Priority-Queue Applications: Simulation, Dijkstra, Top-K, Median
What This Concept Is
Once you have a priority queue, a small set of patterns turn it into the right tool for many apparently different problems:
- Event-driven simulation -- events live on a min-heap keyed by timestamp; always process the next event in simulated-time order.
- Dijkstra's shortest path -- a min-heap of
(tentative_distance, vertex); always relax the closest un-settled vertex. - Top-K with a bounded heap -- a min-heap of size (K) holds the current largest (K) values; replace the root when a larger value arrives.

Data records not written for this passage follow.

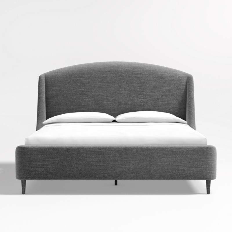 Lafayette streamlines the sumptuous curves of a French-style chaise into an upholstered bed for the modern bedroom. Fully covered in a charcoal linen-like fabric, the bed curves down from a tall, gently rounded headboard to slim rails that gracefully climb to form the lower-profile footboard. Turned solid oak legs have a natural finish to complement the upholstery and keep the look fresh and modern.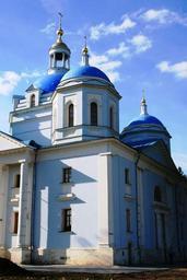 Keywords: convent cathedral domes blue building white light-blue tall windows arches architecture religion russian orthodox sky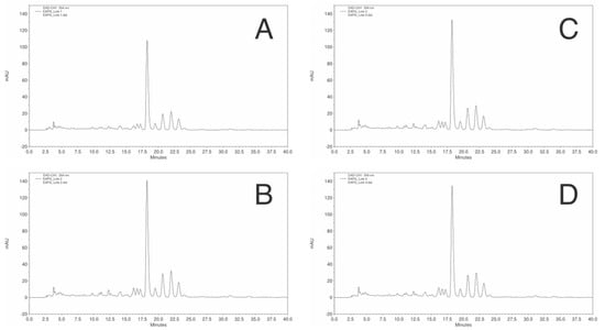 Chromatogram obtained by HPLC-DAD of Psidium guajava L. aqueous extracts (EAPG, 5 mg/mL). Analysis conditions: PurospherStar RP C18e (Merck, Darmstadt, Germany) column maintained at 25 °C; eluent: solvent A (1% phosphoric acid), solvent B (acetonitrile); detector: DAD; elution system: gradient; flow rate 0.6 mL/min; (A) EAPG batch 1; (B) EAPG batch 2; (C) EAPG batch 3; (D) EAPG batch 4.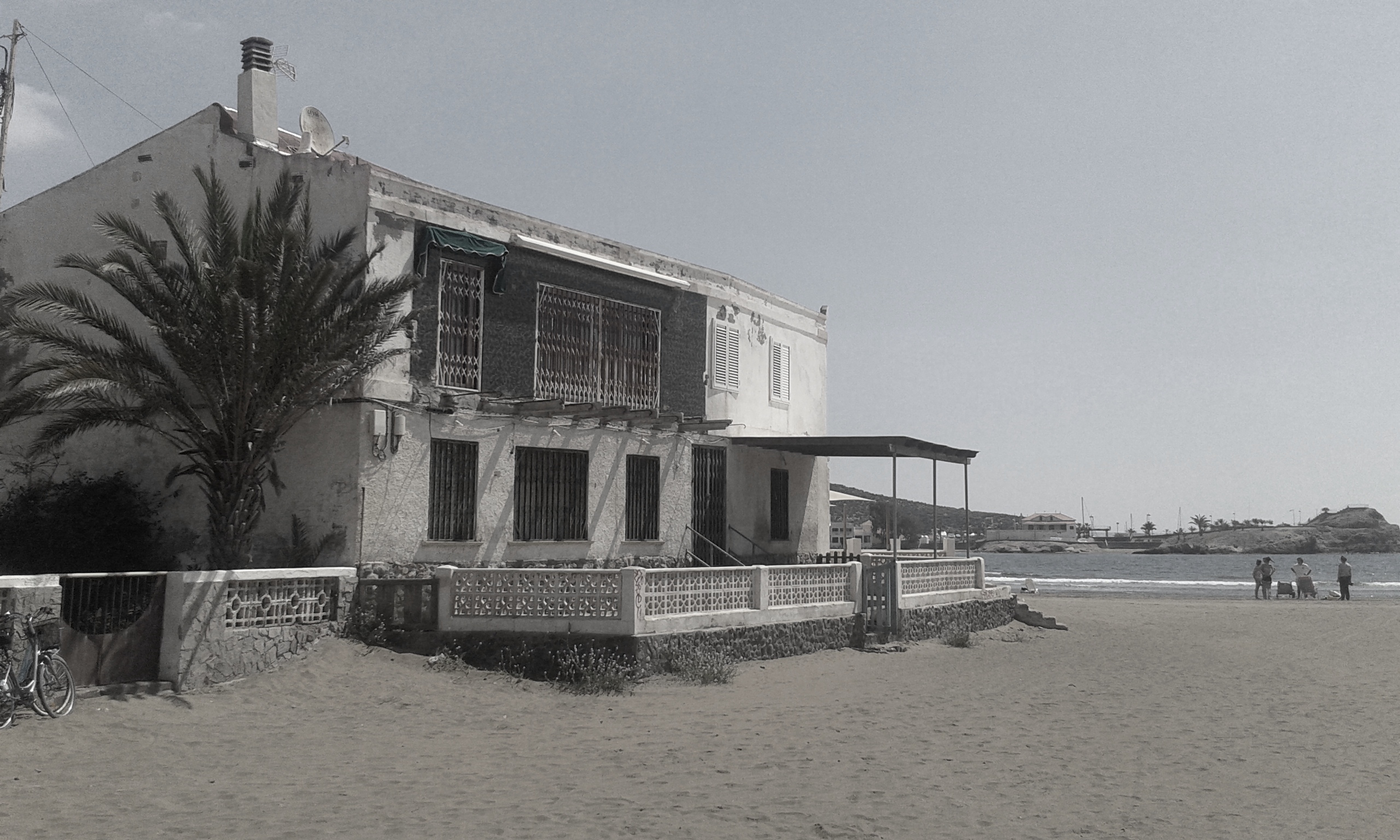 Es preciso llegarse hasta aquí, alcanzar la olvidada y recóndita playa de arena no tan fina, estrecha, escueta, más pequeña de lo que recordaba, más inaccesible, junto al pequeño promontorio, bajo de su silueta protectora; sobre la que se recorta desde que soy capaz de recordar el hotelito trasnochado y desgarbado, antiguo aún antes de acabarse, casi abandonado, con uno de esos nombres tropicales pretenciosos que una vez estuvieron de moda, algo así como hotel Miami, Florida, Calypso, Las Vegas… Avejentado sin disimulo, ajado por las muchas temporadas que hace que no conoce pintura (seguramente la que persiste fue la primera y única) ni mantenimientos, comidas por el oxido sus barandillas.

- Median maintenance with two heaps -- a max-heap holds the lower half, a min-heap holds the upper half; their roots give the running median.

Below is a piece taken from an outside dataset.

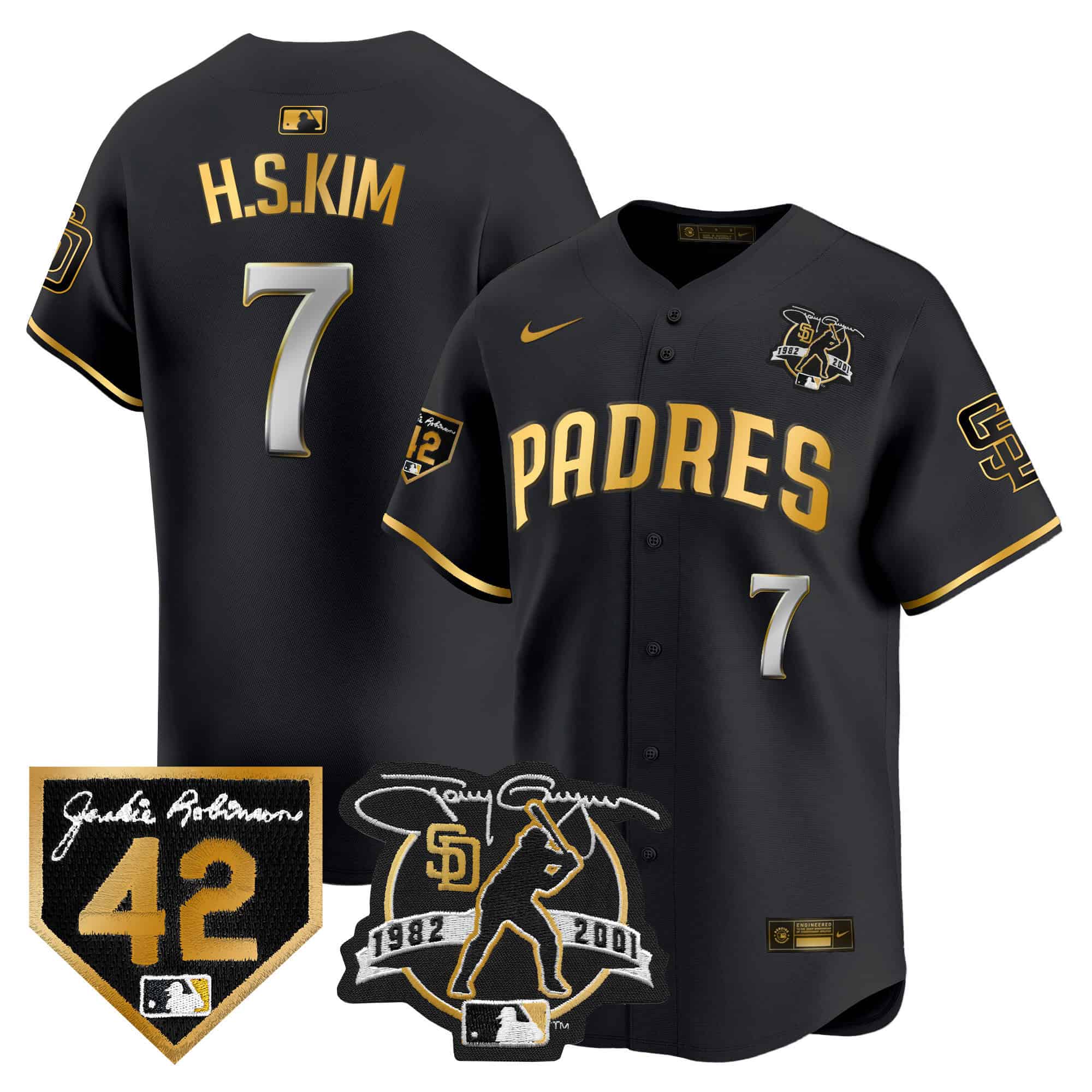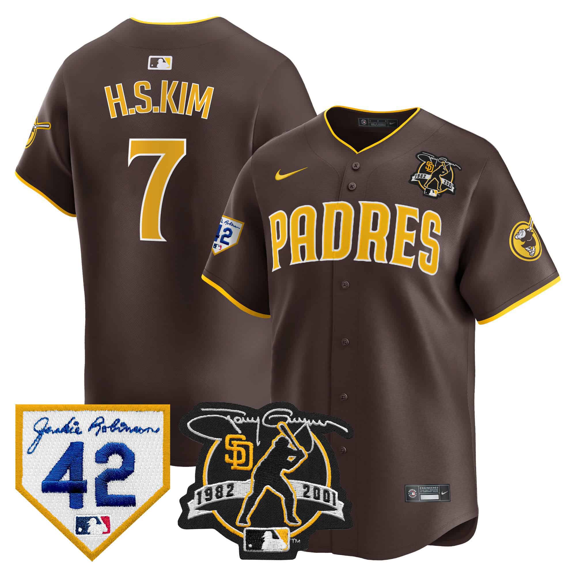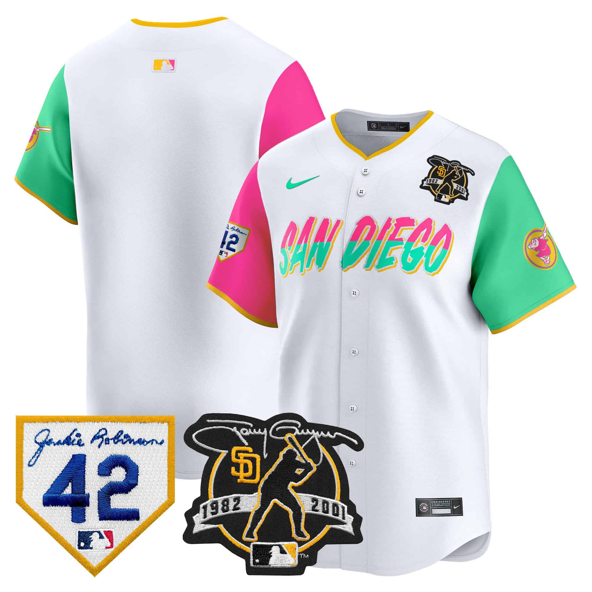 Men’s Padres 2024 Tony Gwynn & Robinson Patch Vapor Premier Limited Jersey – All Stitched

- Huffman coding -- repeatedly pop the two smallest-frequency nodes, merge, push back.
- K-way merge -- a min-heap of (K) "current" elements, one from each sorted stream.
- Scheduling / load balancing -- a heap of machine loads; assign each new job to the least-loaded machine ("power of two choices" often samples two and picks the min).

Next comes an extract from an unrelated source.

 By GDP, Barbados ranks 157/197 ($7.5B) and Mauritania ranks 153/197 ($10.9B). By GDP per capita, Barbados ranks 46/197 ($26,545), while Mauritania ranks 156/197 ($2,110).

- A* search -- a min-heap keyed by (f(n) = g(n) + h(n)); a Dijkstra-shaped loop with a heuristic.
- Retry / rate-limiter queues -- a heap of
(earliest_retry_time, request). - Best-first branch-and-bound -- a heap of partial solutions keyed by optimistic bound.
All of these share the structural move: repeatedly pick the extreme of a changing set and produce new items to consider.
Why It Matters Here
These patterns turn "knowing what a heap is" into "knowing what a heap is for." Each reappears in later semesters:
- Dijkstra and Prim in the graph module (S2 M3).
- Event simulation in concurrency and distributed systems (S4, S8).
- Median maintenance and sketches in data-heavy systems (S6 streaming analytics).
- Top-K in search, recommendation, and analytics (S6, S8).
- A* and branch-and-bound in optimization-style problems (S2 M4 onward).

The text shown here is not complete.